------ Information given ------

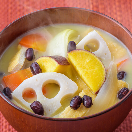 Historically, February 8th is regarded as an important juncture that marks the time to start anew. Traditionally it referred to starting to work on the spring crops, or starting to “work” on something again after the new year holidays and winter “hibernation”. On this day, called “Kotoyouka”, people wished for good health and abundant crops. As a ritual, people often used all of the harvested vegetables and made a nutritious miso soup to celebrate with. This soup became known as “Okoto-shiru”, literally the “thing soup”.
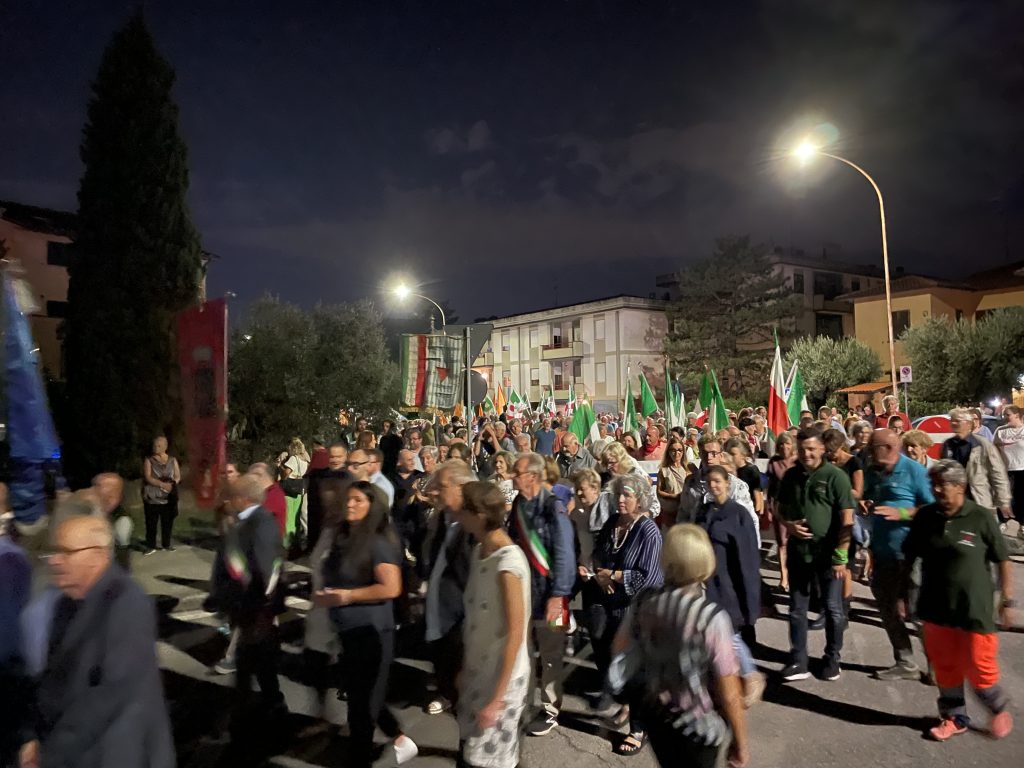 Il primo cittadino ha rimarcato la necessità di essere all’altezza del sacrificio dei partigiani e dei martiri di Figline, in uno scenario in cui “anche il pacifismo va praticato tutti i giorni”, a dispetto di un’attenzione, quella al dramma umanitario della guerra in Ucraina, che è andata diminuendo nel corso delle ultime settimane. Il sindaco Biffoni ha poi rimarcato il significato speciale del ritorno della marcia della pace, proprio in un periodo di guerra alle porte dell’Europa e nel bel mezzo della campagna elettorale.
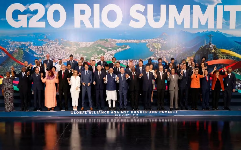Não posaram desta vez o argentino Javier Milei, a mexicana Claudia Sheinbaum, o britânico Keir Starmer e o russo Sergey Lavrov. Até a última atualização desta reportagem, não se sabia por que eles não apareceram no palanque — agora interno, de 3 andares, com um painel do Rio ao fundo.
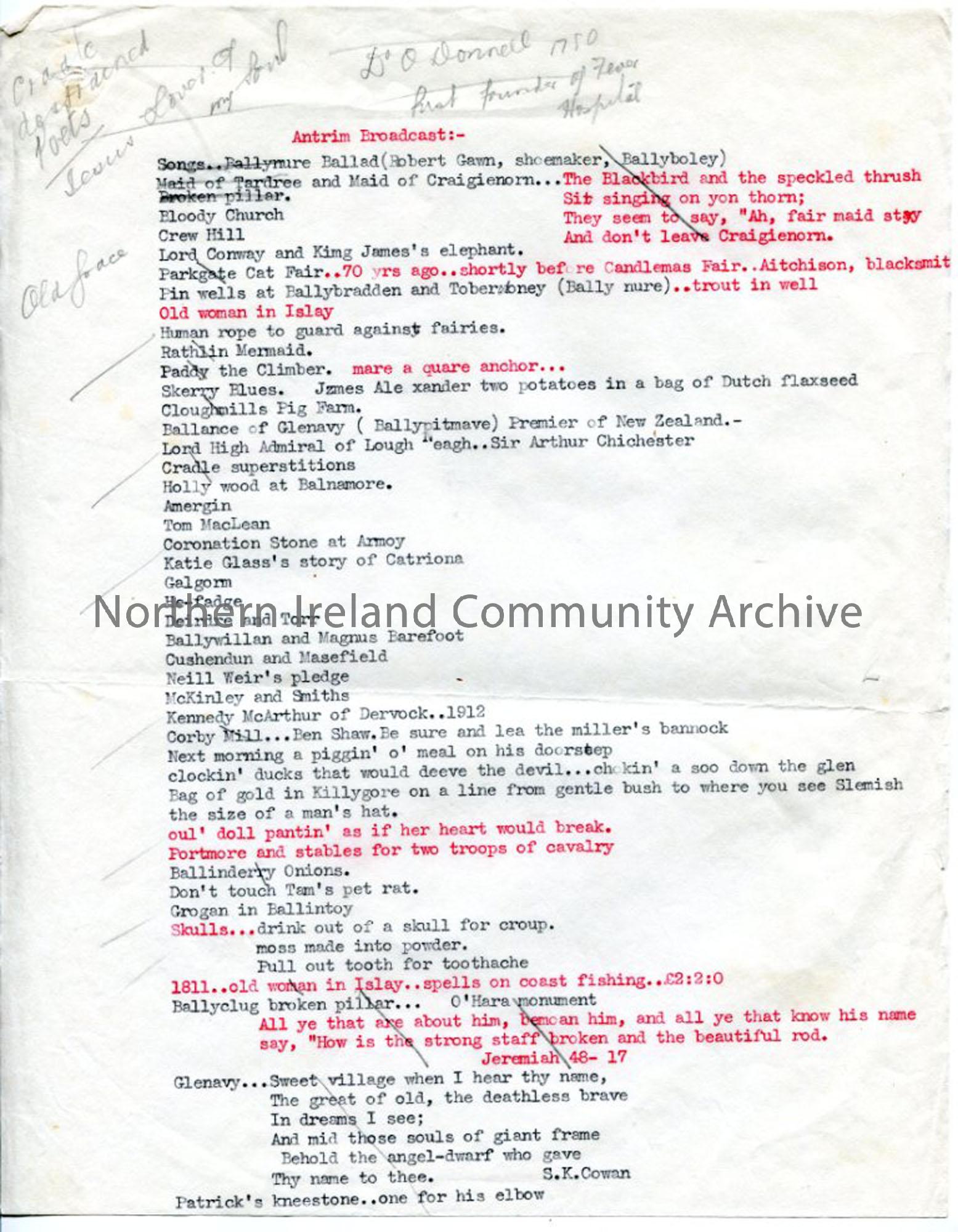 Under heading 'Antrim Broadcast', Typed list of titles to songs and stories, with handwritten additions -some recognisable from 'Undiscovered Ulster - County Antrim' script.
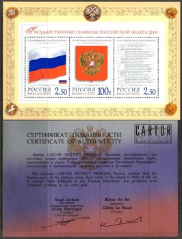 National emblems of the Russian Federation Souvenir sheet + certific.
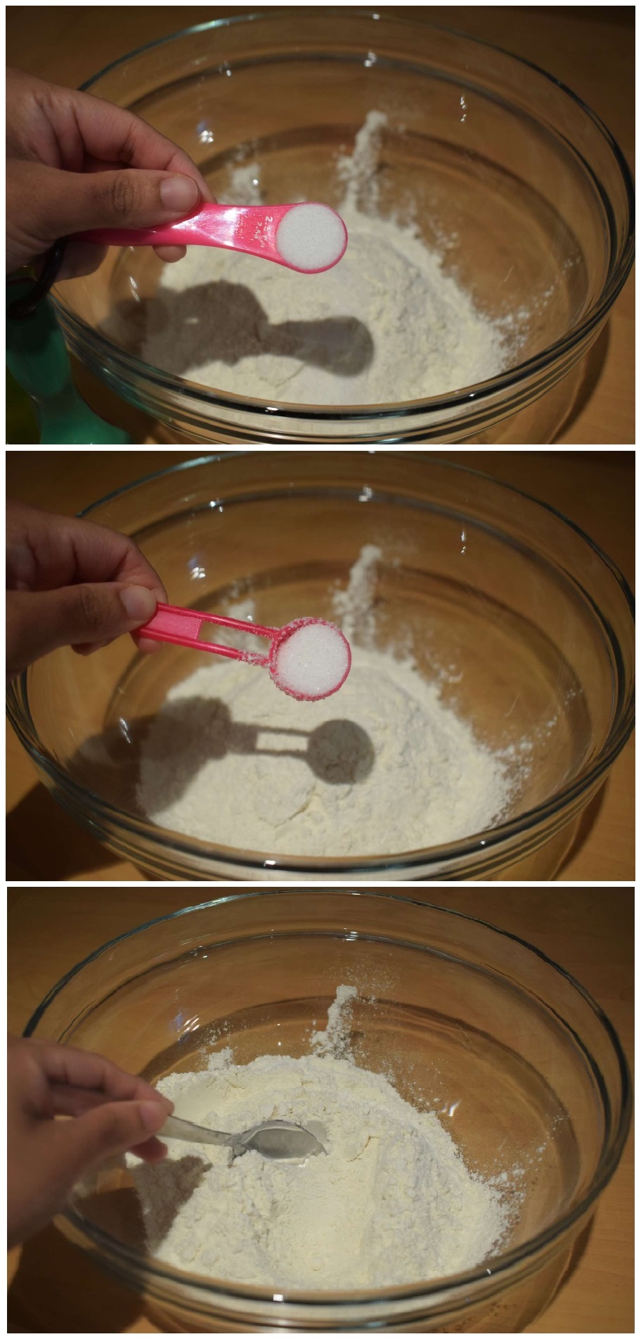 - Add ½ teaspoon salt, 1 teaspoon sugar into the bowl and mix all the dry ingredients nicely with the help of a spoon.
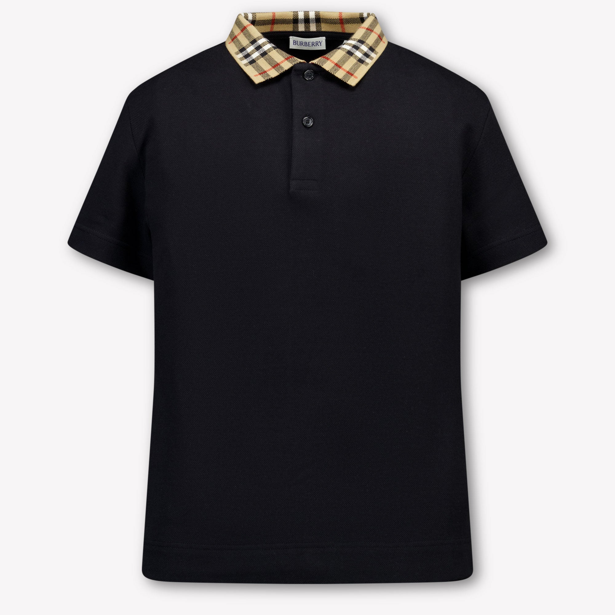A style statement for young gentlemen: this refined polo from Burberry takes casual elegance to the next level. The classic black shade gets an iconic twist thanks to the recognizable checked collar in house check — a subtle nod to the brand's British heritage. Made from soft, breathable cotton piqué with a comfortable fit, ideal for both school days and special occasions. Luxurious, yet effortlessly wearable ✨
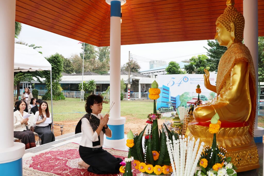 คณะพยาบาลศาสตร์ มข. ประกอบพิธีมหาพุทธาภิเษก อัญเชิญ “พระพุทธประทานพร” ประดิษฐาน ณ ศาลารวมใจธรรมเกื้อกูล เสริมสิริมงคลแก่บุคลากรและนักศึกษา

------

• _What needs to be done_: Omit all pictures while transcribing the entries verbatim.

• _Exercise output_:
 Historically, February 8th is regarded as an important juncture that marks the time to start anew. Traditionally it referred to starting to work on the spring crops, or starting to “work” on something again after the new year holidays and winter “hibernation”. On this day, called “Kotoyouka”, people wished for good health and abundant crops. As a ritual, people often used all of the harvested vegetables and made a nutritious miso soup to celebrate with. This soup became known as “Okoto-shiru”, literally the “thing soup”.
 Il primo cittadino ha rimarcato la necessità di essere all’altezza del sacrificio dei partigiani e dei martiri di Figline, in uno scenario in cui “anche il pacifismo va praticato tutti i giorni”, a dispetto di un’attenzione, quella al dramma umanitario della guerra in Ucraina, che è andata diminuendo nel corso delle ultime settimane. Il sindaco Biffoni ha poi rimarcato il significato speciale del ritorno della marcia della pace, proprio in un periodo di guerra alle porte dell’Europa e nel bel mezzo della campagna elettorale.
Não posaram desta vez o argentino Javier Milei, a mexicana Claudia Sheinbaum, o britânico Keir Starmer e o russo Sergey Lavrov. Até a última atualização desta reportagem, não se sabia por que eles não apareceram no palanque — agora interno, de 3 andares, com um painel do Rio ao fundo.
 Under heading 'Antrim Broadcast', Typed list of titles to songs and stories, with handwritten additions -some recognisable from 'Undiscovered Ulster - County Antrim' script.
 National emblems of the Russian Federation Souvenir sheet + certific.
 - Add ½ teaspoon salt, 1 teaspoon sugar into the bowl and mix all the dry ingredients nicely with the help of a spoon.
A style statement for young gentlemen: this refined polo from Burberry takes casual elegance to the next level. The classic black shade gets an iconic twist thanks to the recognizable checked collar in house check — a subtle nod to the brand's British heritage. Made from soft, breathable cotton piqué with a comfortable fit, ideal for both school days and special occasions. Luxurious, yet effortlessly wearable ✨
 คณะพยาบาลศาสตร์ มข. ประกอบพิธีมหาพุทธาภิเษก อัญเชิญ “พระพุทธประทานพร” ประดิษฐาน ณ ศาลารวมใจธรรมเกื้อกูล เสริมสิริมงคลแก่บุคลากรและนักศึกษา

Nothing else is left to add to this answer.